Each individual dealer will typically sell 20 insurance policies per month. They receive the premiums for these general insurance products, typically between
£100 and £400 per policy depending on the product sold. Premiums received will either be paid as part of the cost of the car purchased or will be received from the finance company which provided the money to acquire the car. Alternatively the customer can pay for the policy separately, so the monies will come in from a variety of different sources.
The dealer believes that it will have to set up client money accounts at every one of its dealerships and, in effect, all monies will go into these accounts in the first instance. As you can imagine, this will cause a massive accounting headache. As an alternative, the dealer wants to know if it could set up a statutory account, which will always hold substantially in excess of the sum of the individual policies sold each month. Would this solution be acceptable to the FSA?"
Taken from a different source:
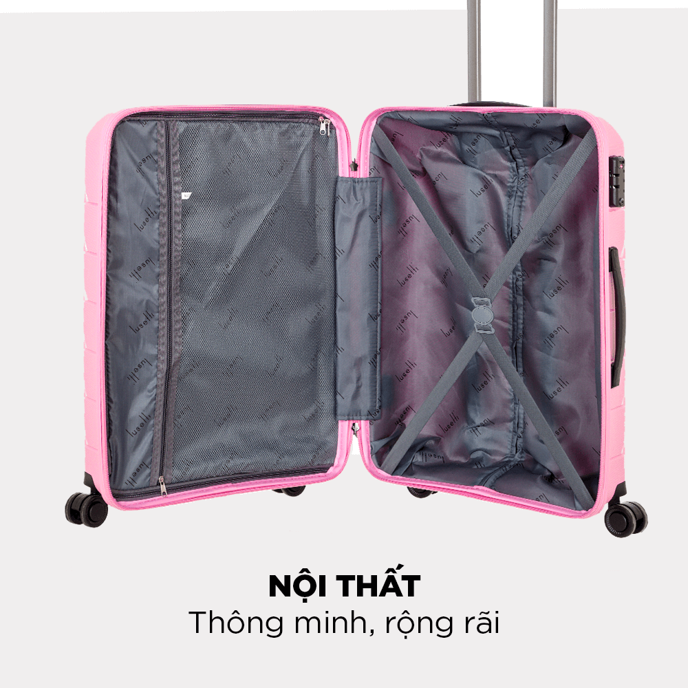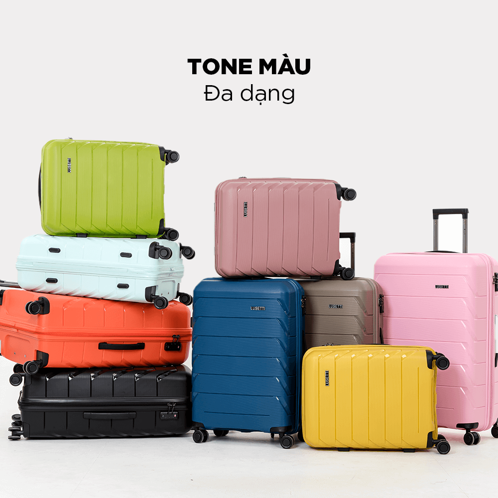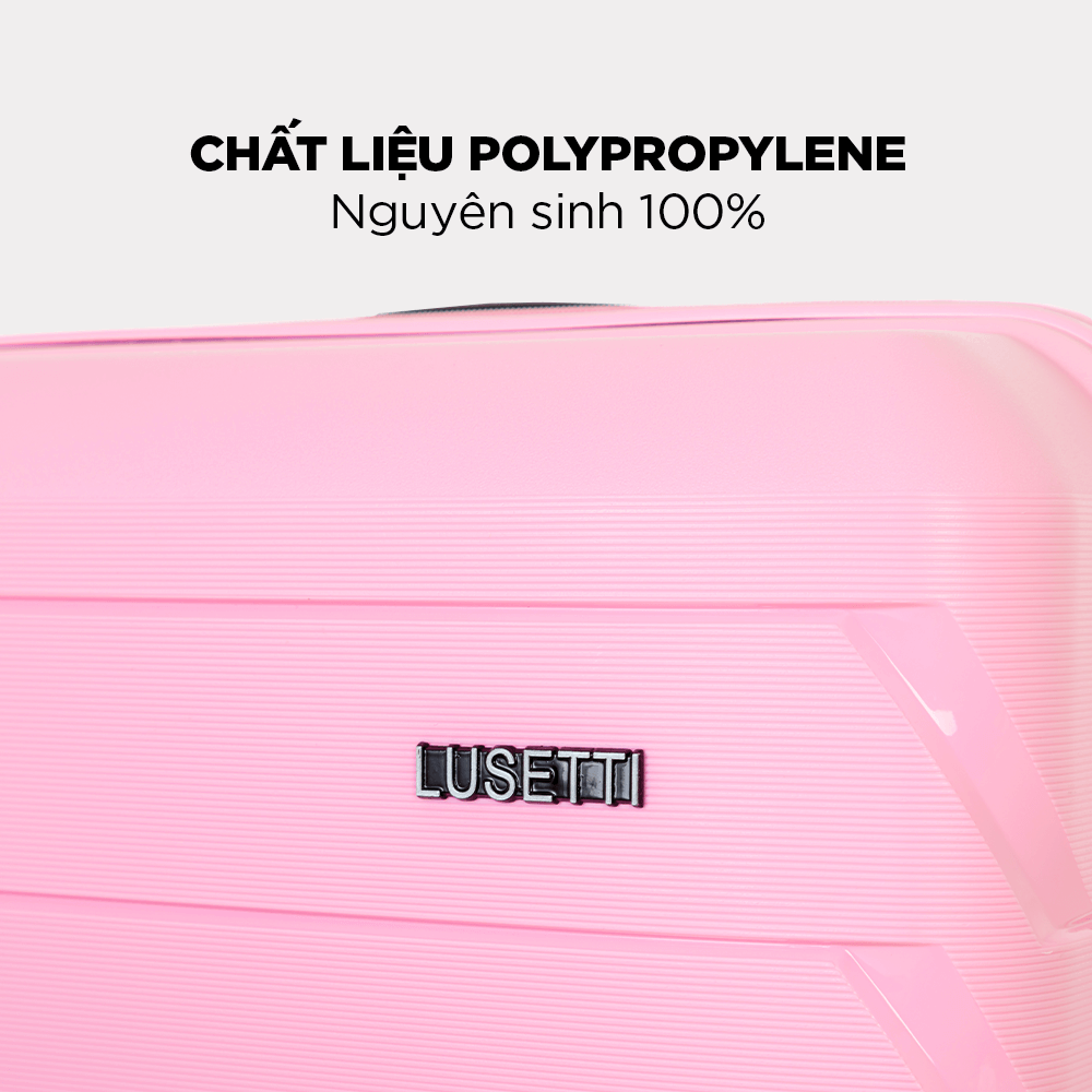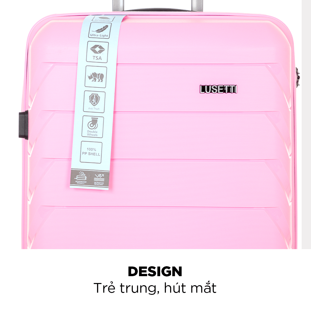 Với các thiết kế tiên tiến hiện đại trên các mặt vân 3D được đặt liên kết trải dài toàn thân để thu hút ánh nhìn. Logo Lusetti được sắp xếp theo góc phải làm nổi bật vừa vali nổi bật là một cách để tháo rời thương hiệu.
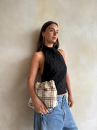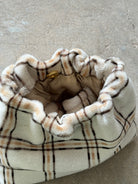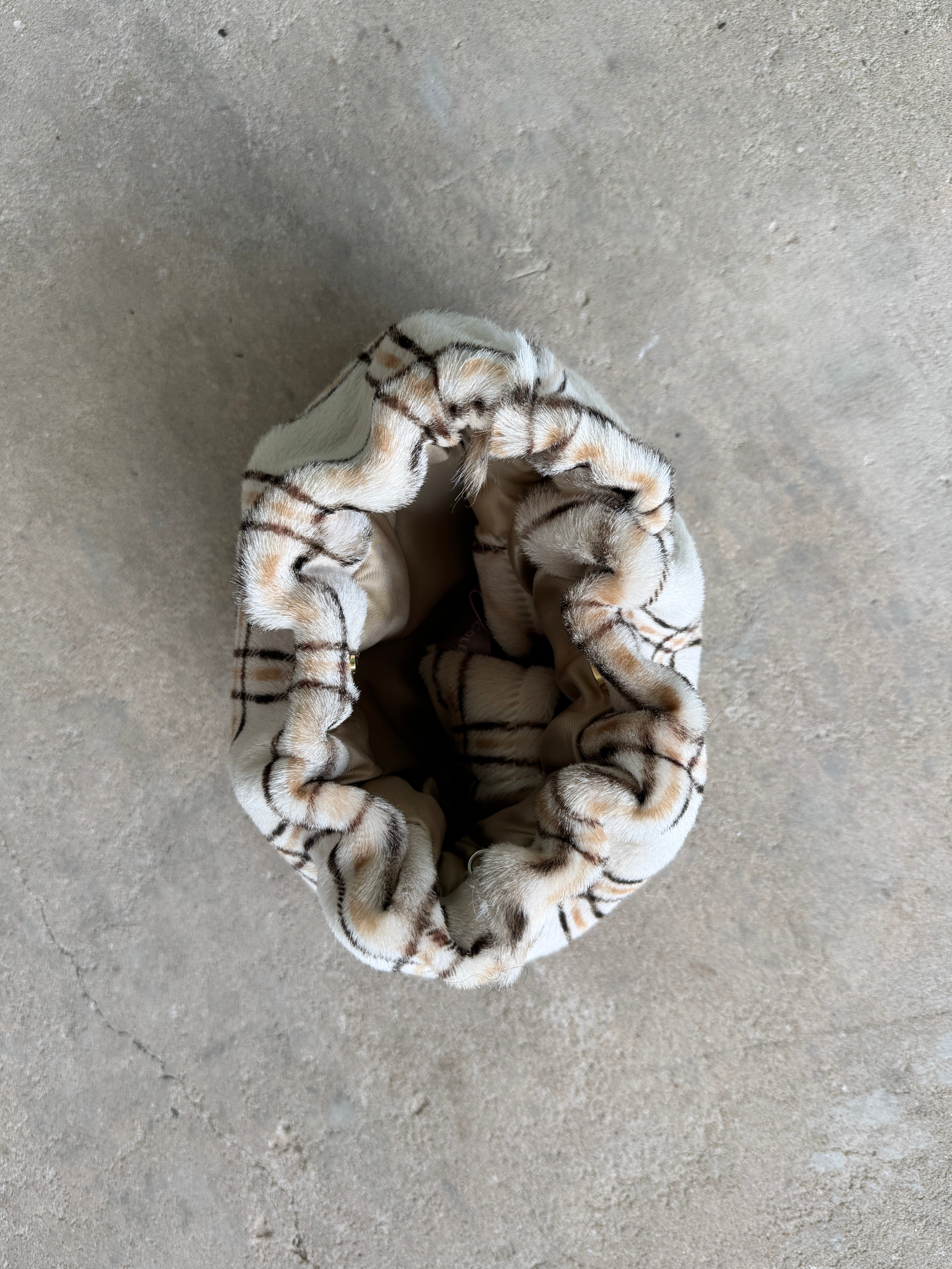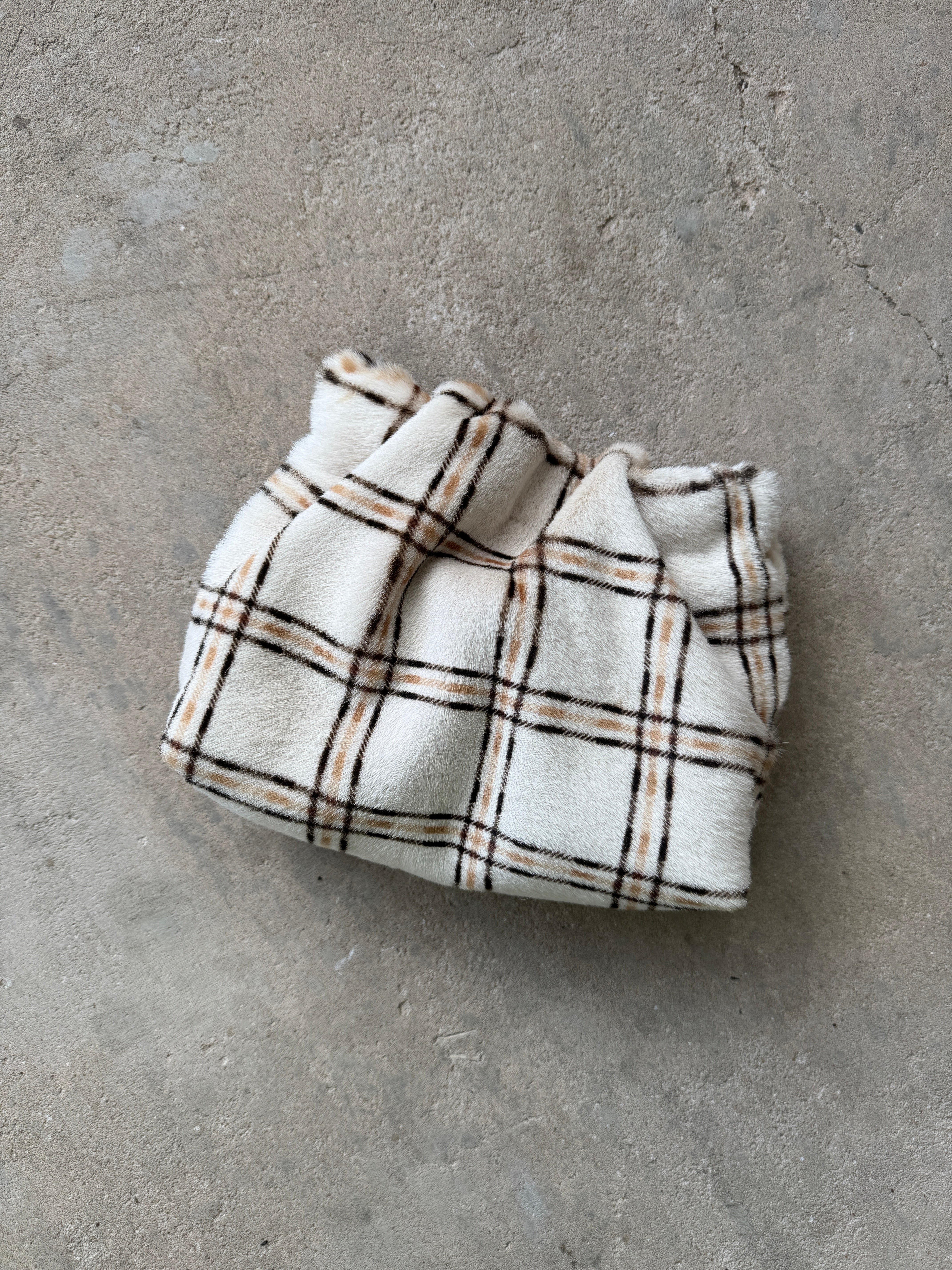 The Soft Shearling Clutch Bag in heritage check print shearling is handmade in the Gushlow and Cole workshop from a limited run of vintage shearling. With a shorn Toscana outer, the softly padded lining and elasticated opening form the unstructured silhouette of this pouch-style bag. Use the magnetic clip to close the top.

Answer: The FSA's client money rules are likely to force motor dealers to revisit their processes for handling 'client money'. In the first instance, they should consider whether risk transfer applies or whether it might be available. Failing that, the FSA rules will require ALL money that includes an element of insurance 'client money' to be banked in accordance with its rules and then split out as appropriate.
Unfortunately, the proposal suggested does not fit with the client money rules as they are written. I guess this is not what your inquirer will want to hear but it is what the rules say.